Unfortunately the past has shown that I sometimes did merge PRs I should not have accepted. Stuff got broken more than once. IO::Socket::SSL does not belong here etc. I accepted them because I didn't want to look defensive. But I quite obviously did not my duty re-viewing and understanding what I was merging well enough. I don't want to do this again.

Now the good thing is we are on github, this is open source. Feel free to provide your branch to the world. This additional exposure and testing might convince me to merge it or parts of it at some point. I just don't want to break my tool unless I see a very good reason to do so.
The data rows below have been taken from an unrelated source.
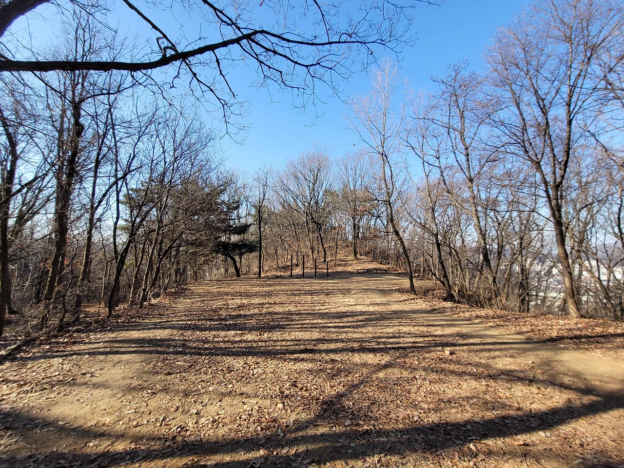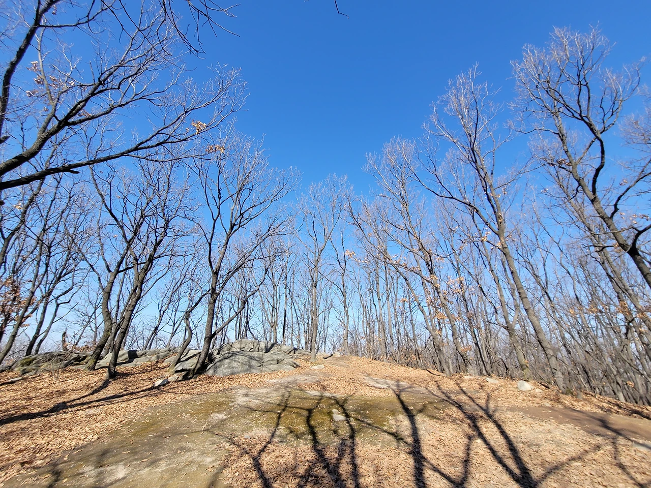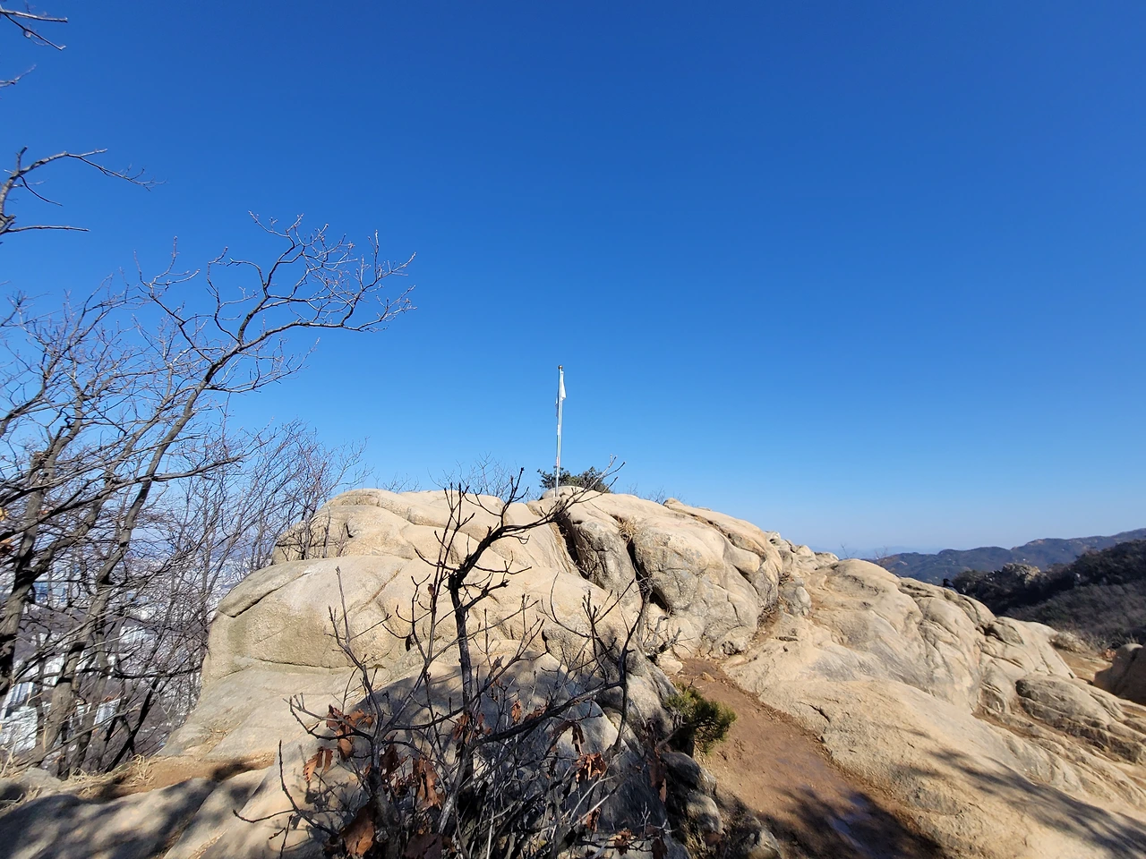 불영암을 지나 능선길을 좀 더 가면 갈래길이 나타난다. 호압사로 내려가는 길, 호암산 정상으로 올라가는 길, 삼성산과 관악산으로 가는 길이 갈라진다. 호암산 정상으로 향하는 길은 쉽게 잘 분간이 되지 않는다. 바위가 많은 경사진 지대여서 딱 하나의 길이 있지 않고 경사 지대 전체가 길이라 해도 과언이 아니다. 계속 올라가면 헬기장이 나타나고 바로 이어서 태극기가 펄럭이는데 민주동산국기대라 적혀 있다. 그리고 그 옆에 전망대가 있다. 호암산 정상이다.
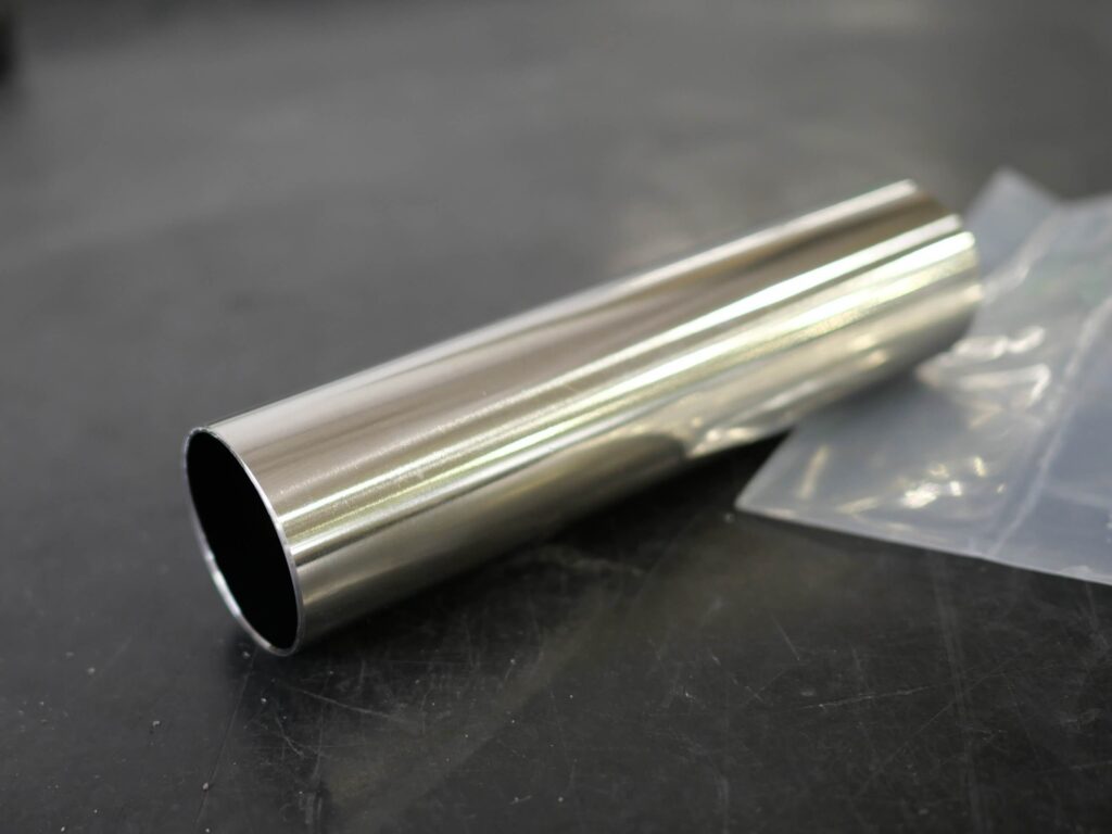 ステンレスパイプを角度45度で斜め切断した事例です。写真は内面#400研磨後斜め切断した物になります。
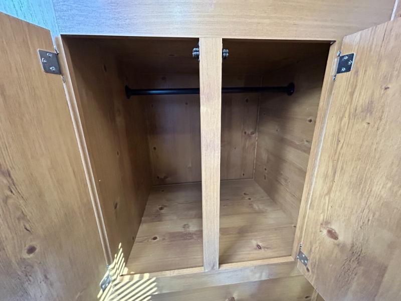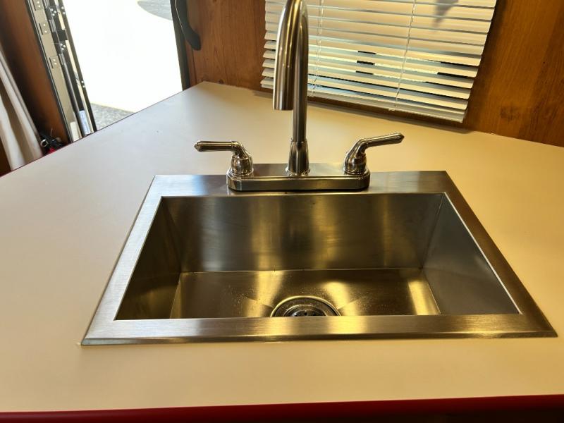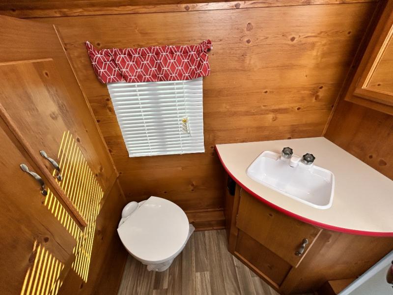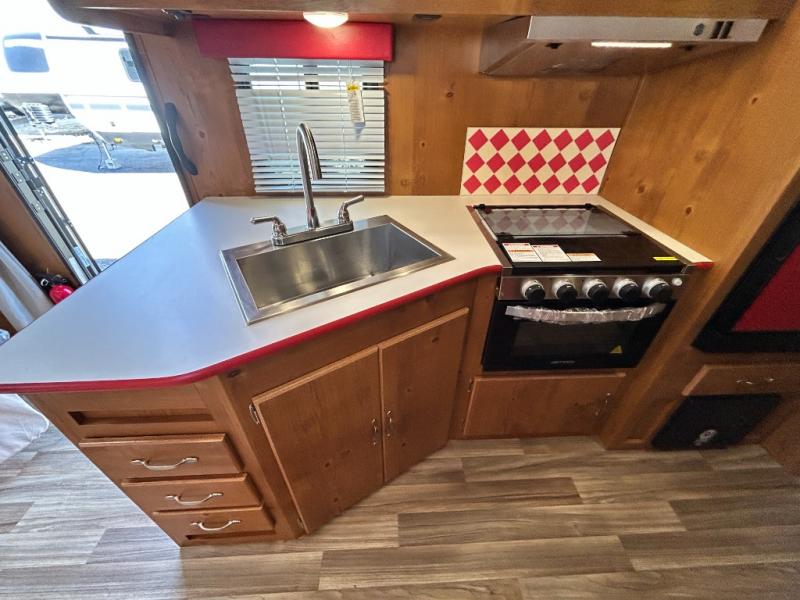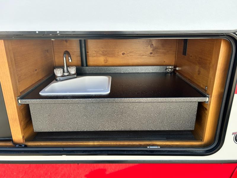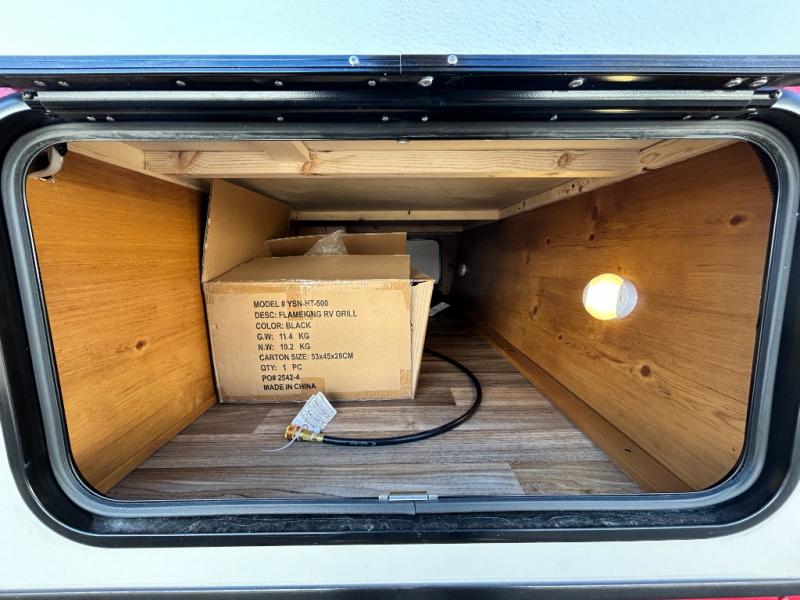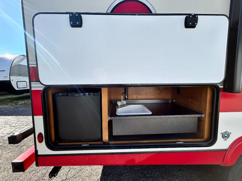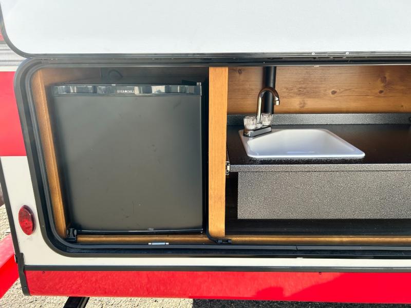 Camping trips to the lake are made complete in this roomy travel trailer for four. The U-shaped dinette slide out will provide the chef more space to cook on the cooktop. You will appreciate having your own RV queen bed up front, plus dual shirt closets and a curtain for privacy. This model also includes an exterior pass-through storage, an electric awning with LED lights, plus an outdoor snack kitchen with a sink and a refrigerator to entertain guests!
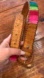 This beautiful handmade vintage belt features a vibrant woven textile insert with genuine leather backing and edges. It has a classic whipstitched trim and single-prong buckle.
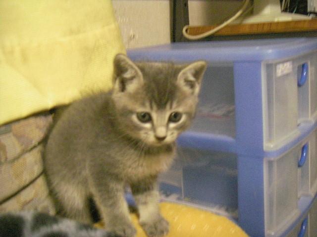 知人の話では野良猫赤ちゃんかな?と言っていたのですがとても人懐っこいので飼い猫の子供で、捨てられたと思います。近所にグレイの猫ちゃんは居ないみたいです。他にも兄弟が居るかもしれないので、探して見てねと離して置きました。
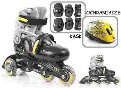Rodzaj: Wrotko-rolki Stan: Nowy Min. długość wkładki: 21.00 [cm] Maks.długość wkładki: 23.00 [cm] Kolor: Żółty, Srebrny, Czarny Dodatkowe informacje: Kask, Ochraniacze
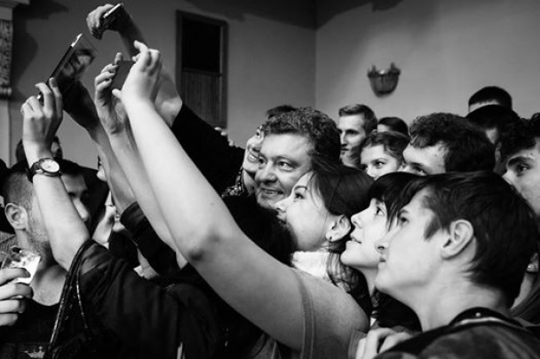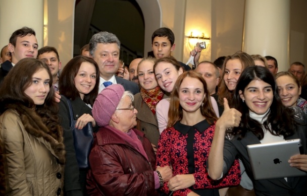 "Украина изменилась. Днепропетровск - спасибо!", - так Порошенко подписал фото, где он делает селфи со студентами.
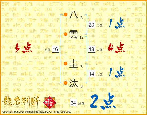 八(8画)雲(12画) 圭(6画)汰(8画)

chincheta0815 commented 5 years ago

@mherger As you pointed out that you use that script once or twice a year and do not have that much time: Would it help if travis-ci more or less also tests the creation of the packages and maybe does package them for the platform that are mentioned in slimserver-platforms? If so: Is there a README on how to use these? Maybe we could help. I am playing right now a little bit with Windows support for travis-ci...

fsbruva commented 5 years ago

Understood on all points. Thanks for the response. Honestly, I am only good at shell scripting, and have zero Perl experience. And my brother is the one with a Squeezebox, so I am not really able to test much of anything.

By way of explanation, I pursued the travis support precisely because I knew it was difficult for you to test proposed changes, and only cared about "it must work." With travis, any PR submitted would have the build tested to make sure it worked. Automatically testing proper functionality might be of higher performance, but since so much is the gui, that will probably not be doable with Travis. However, since I don't have any dedicated linux machines and no way to test macOS, travis is a crucial way for me to test code before I offer it to you.